Hi. I`m a newby to FreeBSD and i`ve got some problems while configuring my gateway.

I want to share my public lan (ed1 - 10.1.0.0/16) to anyone in my private lan (ed0 - 192.168.1.0/24).
I compiled and installed kernel with following options:


```
options         IPFIREWALL
options         IPFIREWALL_VERBOSE
options         IPFIREWALL_VERBOSE_LIMIT=50
options         IPFIREWALL_NAT
options         LIBALIAS
options         ROUTETABLES=2
options         DUMMYNET
options         HZ="1000"
```

/etc/rc.conf has following lines:


```
gateway_enable="YES"
ifconfig_ed0="inet 192.168.1.1 netmask 255.255.255.0"
ifconfig_ed1="inet 10.1.201.200 netmask 255.255.0.0"
defaultrouter="10.1.254.254"
firewall_enable="YES"
firewall_type="/etc/firewall"
```

/etc/firewall:


```
add 1000 allow ip from 10.1.201.200 to any out xmit ed1
add 1010 allow ip from any to 10.1.201.200 in recv ed1

add 1040 allow ip from any to any via ed0

add 1050 deny ip from any to 192.168.0.0/16 in recv ed1
add 1060 deny ip from 192.168.0.0/16 to any in recv ed1
add 1070 deny ip from any to 172.16.0.0/12 in recv ed1
add 1080 deny ip from 172.16.0.0/12 to any in recv ed1
add 1090 deny ip from any to 10.0.0.0/8 in recv ed1
add 10100 deny ip from 10.0.0.0/8 to any in recv ed1
add 10110 deny ip from any to 169.254.0.0/16 in recv ed1
add 10120 deny ip from 169.254.0.0/16 to any in recv ed1

nat 1 config if ed1 log deny_in same_ports reset

add 10130 nat 1 tcp from any to any out xmit ed1 limit src-addr 20
add 10140 nat 1 ip from any to any out xmit ed1

add 10150 nat 1 ip from any to any in recv ed1

add 65534 deny all from any to any
```

I can ping both pc`s in both lans - 192.168.1.0/24 and 10.1.0.0/16 from FreeBSD. 
When I try to use it as gateway (I sing in gateway: 192.168.1.1 and some ip in my windows pc) time limits out.
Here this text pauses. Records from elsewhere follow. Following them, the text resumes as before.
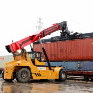 满载汽车配件的集装箱在株洲陆港被吊装上车。(国铁广州局供图)
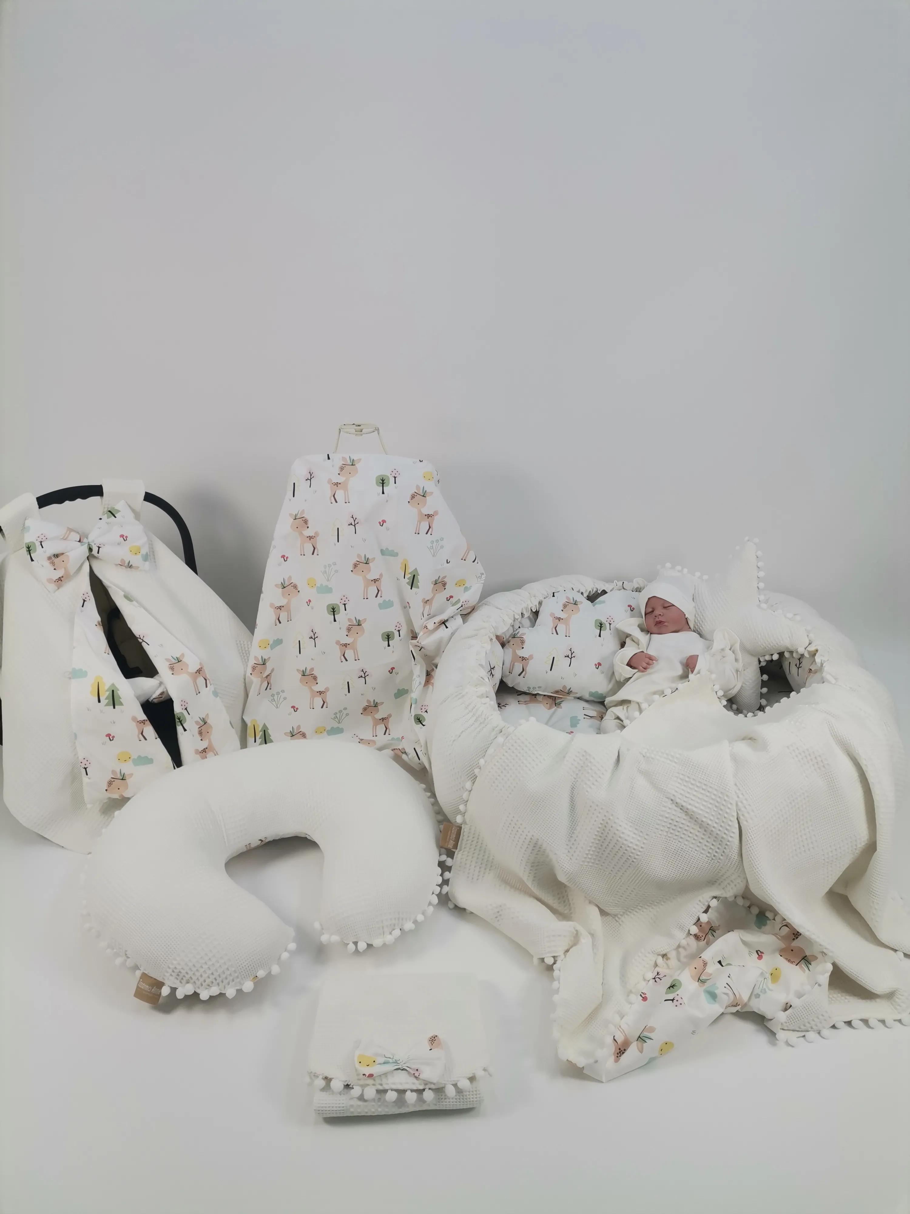 Waffle ve karacalı poplin kumaştan üretilen Yuvarlak babynestli 9 lu setimiz ;
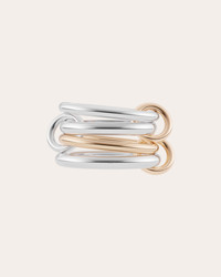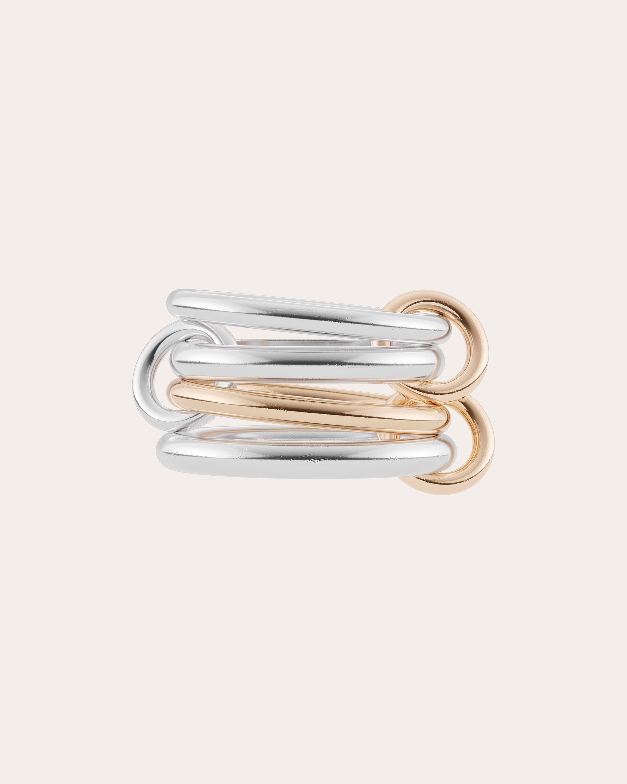 A study in fluid tactility, the Cancer ring features multi-gauged bands connected by orbiting links. The sterling silver and 18-karat gold piece can be worn across multiple fingers or stacked as one. Sterling silver and 18k yellow gold Polish with soft cloth Handmade in the USA Size & Fit 18k gold band width: 2.3mm Sterling silver band widths: 2.3mm, 2.7mm, 2.8mm Sustainability Metrics: Circular Economy: product is intentionally designed with 50% of actively cycled materials Conflict-Free: 100% of products are recycled or conflict-free and adhere to fair trade and labor Craft & Community: at least 75% of products are fully sourced and manufactured within the specified community or country; 100% of production adheres to a fair wage system Read more about Olivela's sustainability pillars here .
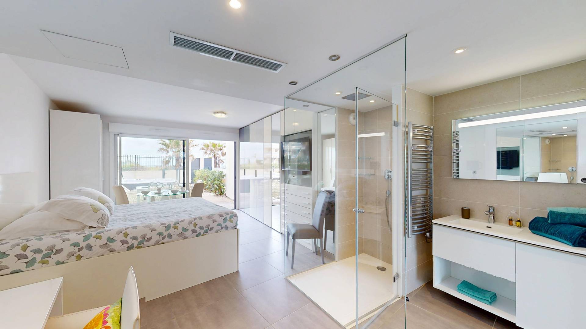 Suite climatizzata con zona notte dotata di letto da 180 cm, TV e cassaforte.
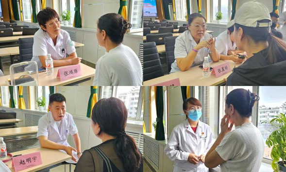 义诊现场,利用课间休息时间前来咨询就诊的老师络绎不绝,大家有序排队等候义诊。教师由于特殊的工作性质和长期的高压状态,深受腰颈肩腿痛、失眠、咽痛等病痛的困扰,来自心血管内科、神经内科、血管外科、口腔科等不同专业的专家们充分发挥自身所长,根据教师群体高发的各类疾病,为他们提供了健康评估和个性化指导,并耐心答疑解惑。我院青年团员志愿者们也积极参与其中,在现场为老师们发放医院宣传册,提供健康咨询,为义诊活动的顺利进行提供了有力保障。
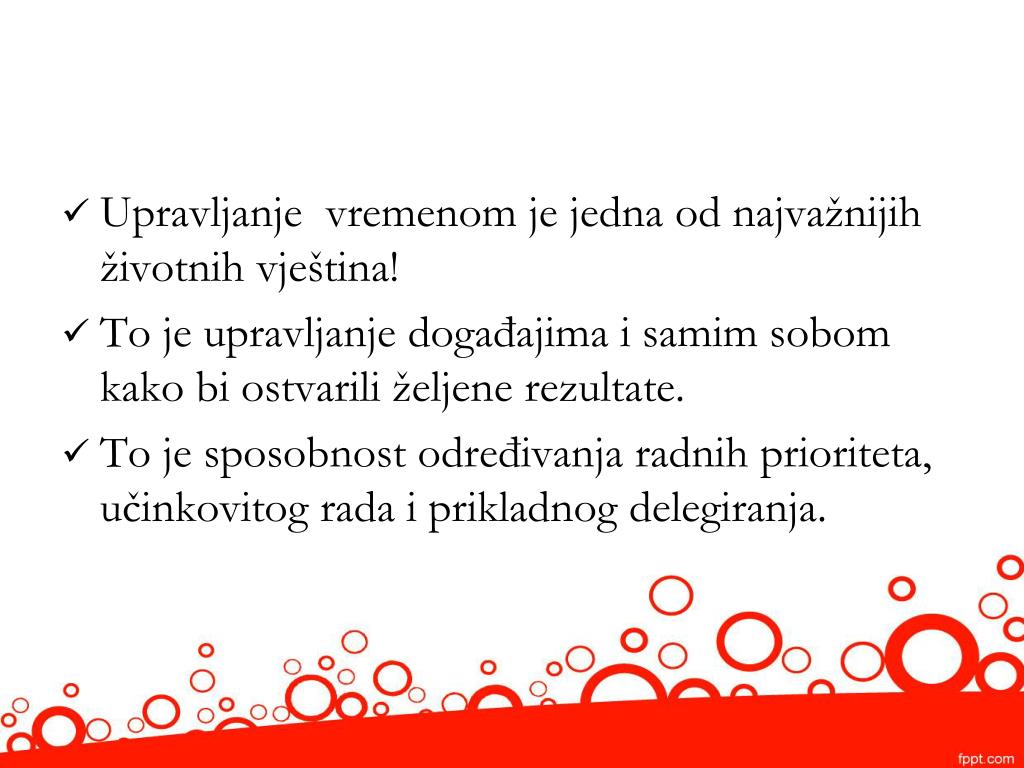 Upravljanje vremenom je jedna od najvažnijih životnih vještina! • To je upravljanje događajima i samim sobom kako bi ostvarili željene rezultate. • To je sposobnost određivanja radnih prioriteta, učinkovitog rada i prikladnog delegiranja.
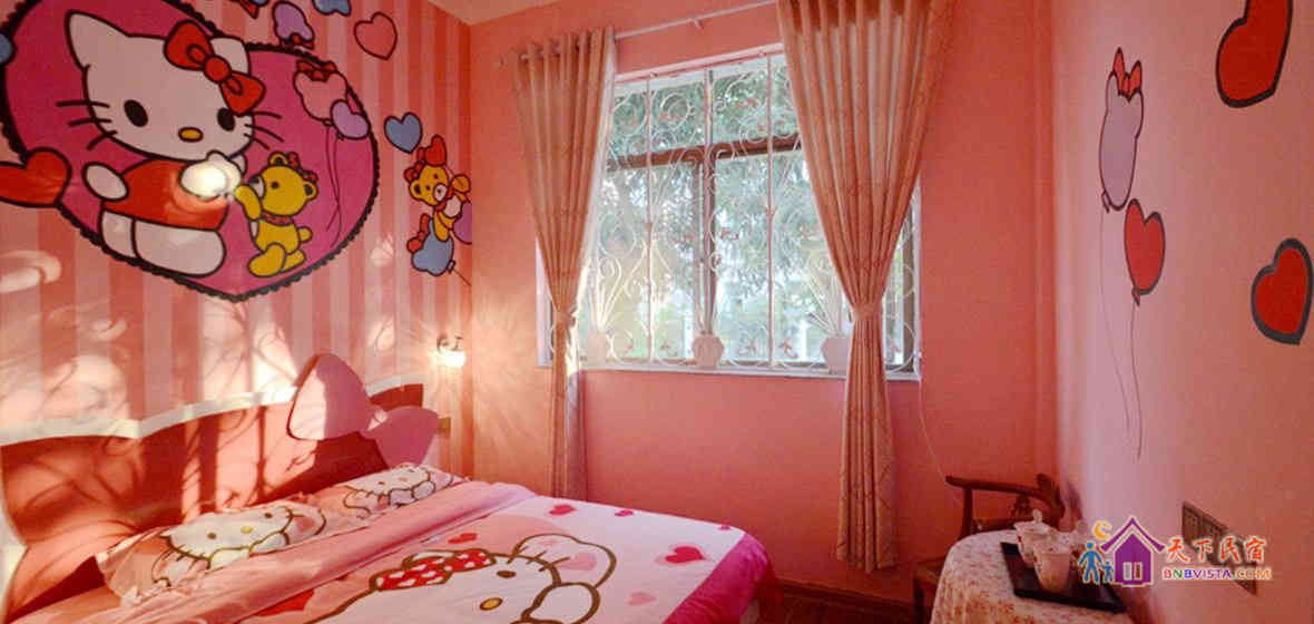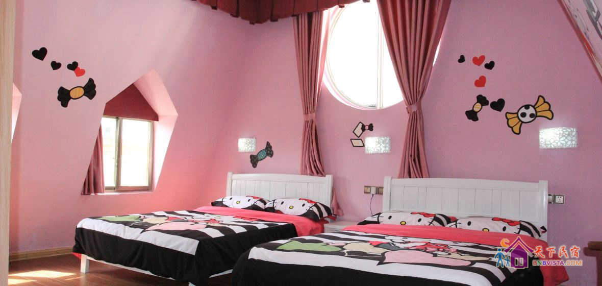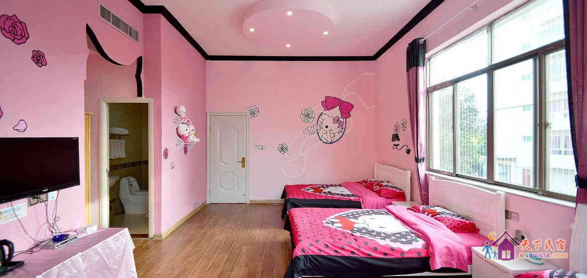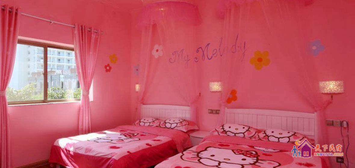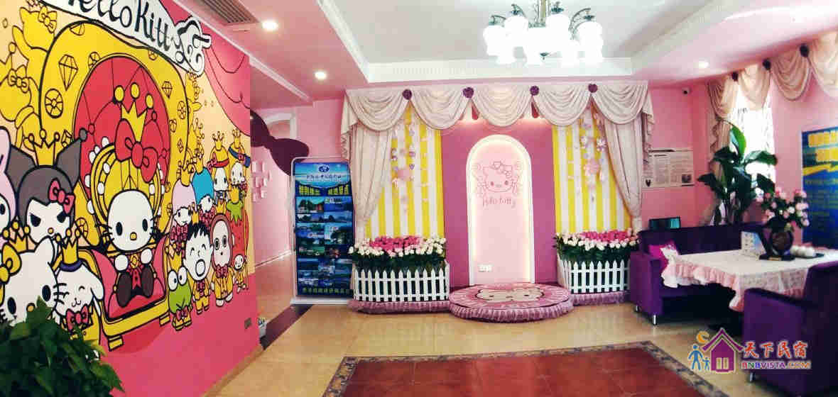 本客栈共有24间客房,每个房间都独具风格,房间里每一处布置都有Hello Kitty的身影,设计师出神入画的把Hello Kitty演绎出不同的身份,其中部分房间灵感来自于艾薇儿曾经为《Hello Kitty》在2013年11月5日发表的第五张录音专辑《Avril Lavigne》——艾薇儿音乐主题套房,马戏团主题三人房,超级可爱萌哒哒Hello Kitty粉色田园公主大床房、标房、三人房、套房,紫色梦幻女王系列的公主大床房、标房、三人房,专门为度蜜月的情侣、新婚、旅游度假的夫妻准备的天鹅恋大床房,温馨的居住环境,徒步五分钟就可以抵达国家4A级景区银滩,和恋人一起享受海水沙滩,本酒店专门为男士设计的Hello Kitty蓝色、绿色、灰色商务套房、三人房、标间,本酒店还在细节方面包括拖鞋、刷牙杯、茶杯等都换成了Hello Kitty品牌的,超级喜爱Hello Kitty的一定不要错过呦。”
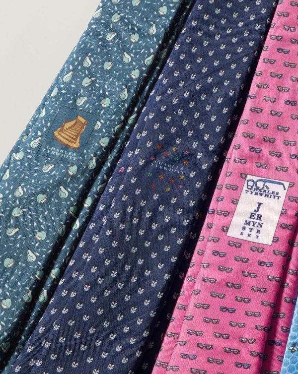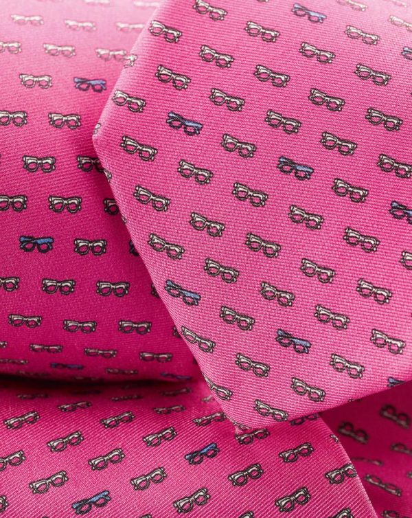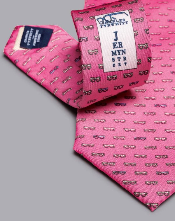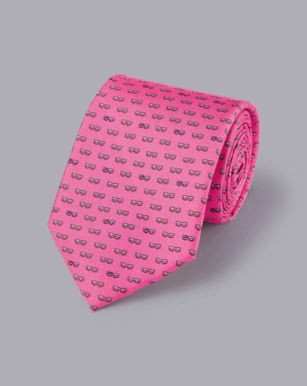 Men Glasses Print Silk Tie Bright Pink | Charles Tyrwhitt Ties
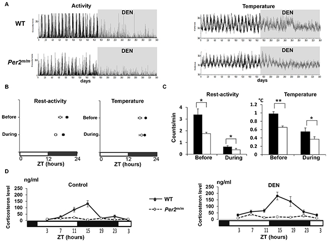 Plasma corticosterone was rhythmic in WT mice (Cosinor, p< 0.001), but not in Per2m/m both in untreated controls and in mice exposed to DEN, with 4.3-fold lower 24-h mean corticosterone levels in treated Per2m/m as compared to WT (p< 0.001) (Figure 3D).
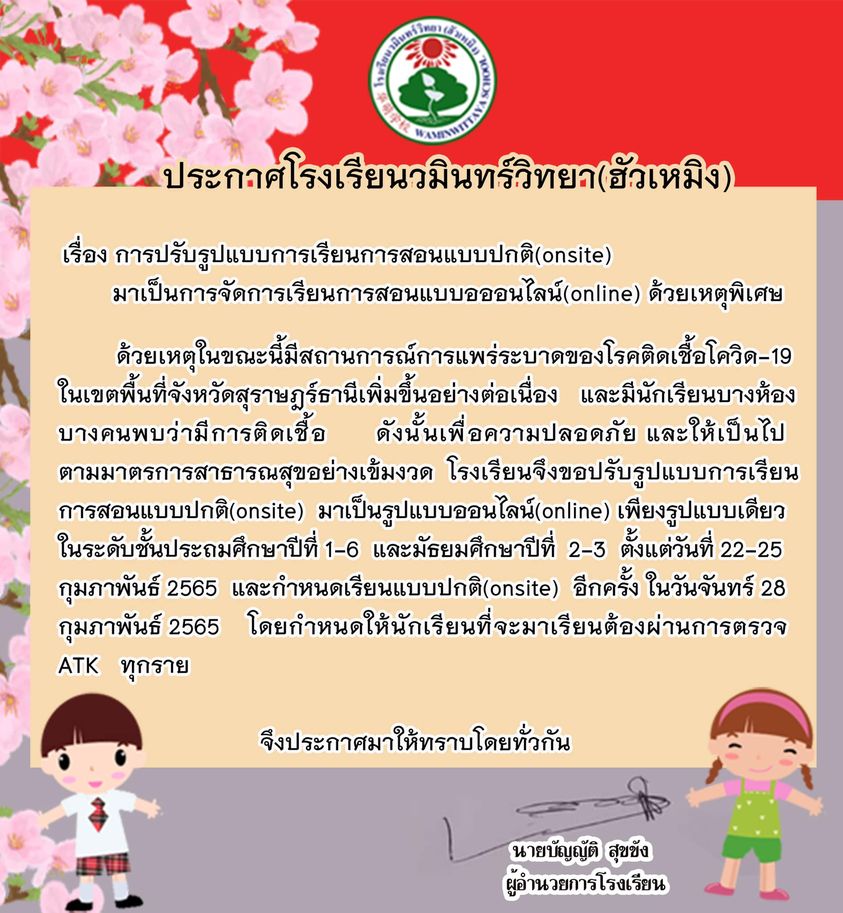 ประกาศโรงเรียนวมินทร์วิทยา(ฮัวเหมิง) ปรับรูปแบบการเรียนการสอนแบบปกติ (Onsite) มาเป็นการจัดการเรียนการสอนแบบออนไลน์ (Online)เพียงรูปแบบเดียว ในระดับชั้น ประถม-มัธยม 22-25 กุมภาพันธ์ 2565
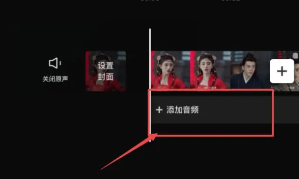 1、剪映中导入素材之后,点击素材下方的"添加音频"。
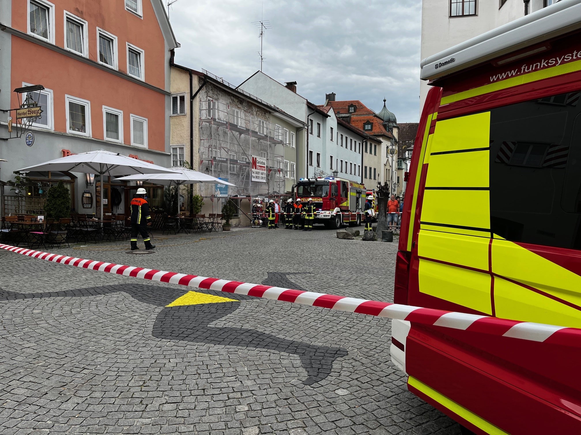 Aus einer defekten CO² Flasche ist Gas entwicken. Die Gaststätte und der angrenzende Schrannenplatz wurde von uns geräumt. Die Flasche wurde von uns gesichert und die Räumlichkeiten im Gebäude belüftet.
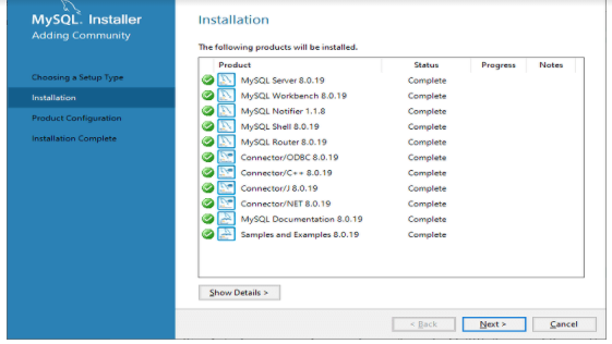 In the next screen, you can see that the Product Configuration is completed. Keep the default setting and click on the Next button to complete the MySQL package installation.

The problem is in /etc/firewall but I don`t know how work it out.

Plese help.


----------



## terminus (Sep 20, 2010)

Try this ruleset:

```
add 1040 allow ip from any to any via ed0

add 1050 deny ip from any to 192.168.0.0/16 in recv ed1
add 1060 deny ip from 192.168.0.0/16 to any in recv ed1
add 1070 deny ip from any to 172.16.0.0/12 in recv ed1
add 1080 deny ip from 172.16.0.0/12 to any in recv ed1
add 10110 deny ip from any to 169.254.0.0/16 in recv ed1
add 10120 deny ip from 169.254.0.0/16 to any in recv ed1

nat 1 config if ed1 log deny_in same_ports reset

add 10130 nat 1 tcp from any to any out xmit ed1 limit src-addr 20
add 10131 allow tcp from any to any out xmit ed1

add 10140 nat 1 ip from any to any via ed1
add 10150 allow ip from any to any via ed1

add 65534 deny all from any to any
```

Beware of limit statement on nat rules. The last time I been trying put limits on nat, I got kernel panics. There is one semi-related PR about that problem:
http://www.freebsd.org/cgi/query-pr.cgi?pr=144187
I would not recomended to use limit on nat...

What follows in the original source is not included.